▶ **EXTRACTED MATERIAL**
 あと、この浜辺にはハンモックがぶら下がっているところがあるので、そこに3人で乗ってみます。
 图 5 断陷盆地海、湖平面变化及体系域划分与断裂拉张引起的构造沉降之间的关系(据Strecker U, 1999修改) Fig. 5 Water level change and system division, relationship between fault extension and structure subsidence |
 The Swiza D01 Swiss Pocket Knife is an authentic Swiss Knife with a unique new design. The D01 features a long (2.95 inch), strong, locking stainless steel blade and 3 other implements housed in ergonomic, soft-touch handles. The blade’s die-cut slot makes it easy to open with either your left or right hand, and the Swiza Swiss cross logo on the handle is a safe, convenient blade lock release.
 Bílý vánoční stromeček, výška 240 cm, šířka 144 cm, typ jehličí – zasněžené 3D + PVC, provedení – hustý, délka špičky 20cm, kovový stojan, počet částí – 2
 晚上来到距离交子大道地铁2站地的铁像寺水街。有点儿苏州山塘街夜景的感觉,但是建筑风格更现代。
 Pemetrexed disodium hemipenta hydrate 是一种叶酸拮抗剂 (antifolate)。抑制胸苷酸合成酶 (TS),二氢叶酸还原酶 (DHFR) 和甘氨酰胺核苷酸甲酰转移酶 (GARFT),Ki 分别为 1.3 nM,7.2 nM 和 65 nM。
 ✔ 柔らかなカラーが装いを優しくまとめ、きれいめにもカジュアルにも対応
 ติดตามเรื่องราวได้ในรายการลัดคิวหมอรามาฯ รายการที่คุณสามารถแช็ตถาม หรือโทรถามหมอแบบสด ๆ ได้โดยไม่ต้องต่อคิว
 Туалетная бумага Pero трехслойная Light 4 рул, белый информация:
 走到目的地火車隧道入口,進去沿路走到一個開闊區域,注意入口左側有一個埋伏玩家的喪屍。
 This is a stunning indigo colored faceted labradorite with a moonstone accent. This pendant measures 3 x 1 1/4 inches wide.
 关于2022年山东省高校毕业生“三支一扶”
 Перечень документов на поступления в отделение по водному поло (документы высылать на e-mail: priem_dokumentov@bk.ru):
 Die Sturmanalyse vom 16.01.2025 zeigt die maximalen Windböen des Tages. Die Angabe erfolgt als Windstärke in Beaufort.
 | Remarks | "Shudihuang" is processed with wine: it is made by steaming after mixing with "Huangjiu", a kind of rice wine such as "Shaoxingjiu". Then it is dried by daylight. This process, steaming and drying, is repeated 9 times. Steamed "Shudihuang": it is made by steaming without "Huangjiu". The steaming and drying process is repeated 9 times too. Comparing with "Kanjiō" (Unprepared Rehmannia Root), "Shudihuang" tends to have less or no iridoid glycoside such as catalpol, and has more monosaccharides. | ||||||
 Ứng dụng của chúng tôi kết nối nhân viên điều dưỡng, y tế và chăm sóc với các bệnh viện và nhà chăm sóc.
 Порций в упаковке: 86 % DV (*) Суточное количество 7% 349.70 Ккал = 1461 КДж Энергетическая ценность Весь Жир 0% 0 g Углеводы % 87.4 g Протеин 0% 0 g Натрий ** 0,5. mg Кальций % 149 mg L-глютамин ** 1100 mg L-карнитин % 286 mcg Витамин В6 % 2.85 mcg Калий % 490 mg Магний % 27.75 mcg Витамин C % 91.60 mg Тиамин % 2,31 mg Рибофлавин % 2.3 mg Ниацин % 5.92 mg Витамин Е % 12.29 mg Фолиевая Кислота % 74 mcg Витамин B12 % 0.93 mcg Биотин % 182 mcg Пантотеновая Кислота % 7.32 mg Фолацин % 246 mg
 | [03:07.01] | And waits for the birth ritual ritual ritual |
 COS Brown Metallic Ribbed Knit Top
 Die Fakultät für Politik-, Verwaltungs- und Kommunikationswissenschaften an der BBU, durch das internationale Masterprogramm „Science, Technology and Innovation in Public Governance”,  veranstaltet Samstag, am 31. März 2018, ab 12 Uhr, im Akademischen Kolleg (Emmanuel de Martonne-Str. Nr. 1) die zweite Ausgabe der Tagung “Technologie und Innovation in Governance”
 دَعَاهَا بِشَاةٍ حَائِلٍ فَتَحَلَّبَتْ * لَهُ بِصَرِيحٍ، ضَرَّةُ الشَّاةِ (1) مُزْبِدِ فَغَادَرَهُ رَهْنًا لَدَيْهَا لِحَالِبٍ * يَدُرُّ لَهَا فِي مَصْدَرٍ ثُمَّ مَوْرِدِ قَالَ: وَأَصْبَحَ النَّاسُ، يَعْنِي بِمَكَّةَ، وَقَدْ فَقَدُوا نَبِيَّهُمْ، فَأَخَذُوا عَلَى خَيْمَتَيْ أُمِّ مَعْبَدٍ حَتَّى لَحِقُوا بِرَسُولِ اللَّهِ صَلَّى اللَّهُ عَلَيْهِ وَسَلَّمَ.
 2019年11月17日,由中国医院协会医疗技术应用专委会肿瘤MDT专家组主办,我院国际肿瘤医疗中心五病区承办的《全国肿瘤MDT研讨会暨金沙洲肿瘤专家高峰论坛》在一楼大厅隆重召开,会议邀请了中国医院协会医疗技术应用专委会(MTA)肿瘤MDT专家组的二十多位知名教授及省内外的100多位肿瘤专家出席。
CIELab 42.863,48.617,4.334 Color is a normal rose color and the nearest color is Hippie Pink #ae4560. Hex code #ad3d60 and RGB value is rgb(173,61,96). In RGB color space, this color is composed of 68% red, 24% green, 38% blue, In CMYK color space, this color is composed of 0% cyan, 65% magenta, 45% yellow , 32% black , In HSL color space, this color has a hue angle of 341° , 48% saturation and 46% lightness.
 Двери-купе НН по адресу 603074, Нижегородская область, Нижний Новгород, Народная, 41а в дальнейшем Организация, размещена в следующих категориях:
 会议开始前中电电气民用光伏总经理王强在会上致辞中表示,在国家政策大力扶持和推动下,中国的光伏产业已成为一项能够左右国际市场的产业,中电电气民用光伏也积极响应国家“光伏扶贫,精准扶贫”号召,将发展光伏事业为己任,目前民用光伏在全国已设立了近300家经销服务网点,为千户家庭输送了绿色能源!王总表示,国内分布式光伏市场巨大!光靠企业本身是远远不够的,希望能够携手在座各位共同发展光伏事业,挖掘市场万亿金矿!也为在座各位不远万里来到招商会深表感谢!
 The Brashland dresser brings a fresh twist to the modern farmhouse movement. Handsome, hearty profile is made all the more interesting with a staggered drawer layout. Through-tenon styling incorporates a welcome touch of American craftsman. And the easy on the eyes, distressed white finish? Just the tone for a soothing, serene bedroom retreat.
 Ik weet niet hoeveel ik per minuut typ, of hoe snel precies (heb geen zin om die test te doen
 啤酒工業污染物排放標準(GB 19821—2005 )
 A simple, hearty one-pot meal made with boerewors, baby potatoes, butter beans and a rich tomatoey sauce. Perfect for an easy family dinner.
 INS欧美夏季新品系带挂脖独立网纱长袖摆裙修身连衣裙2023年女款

▶ **WHAT THE EXERCISE ASKS**
Only the count is wanted. Find the lines of the records that include the word "hearty" and state how many.

▶ **TASK RESULT**
2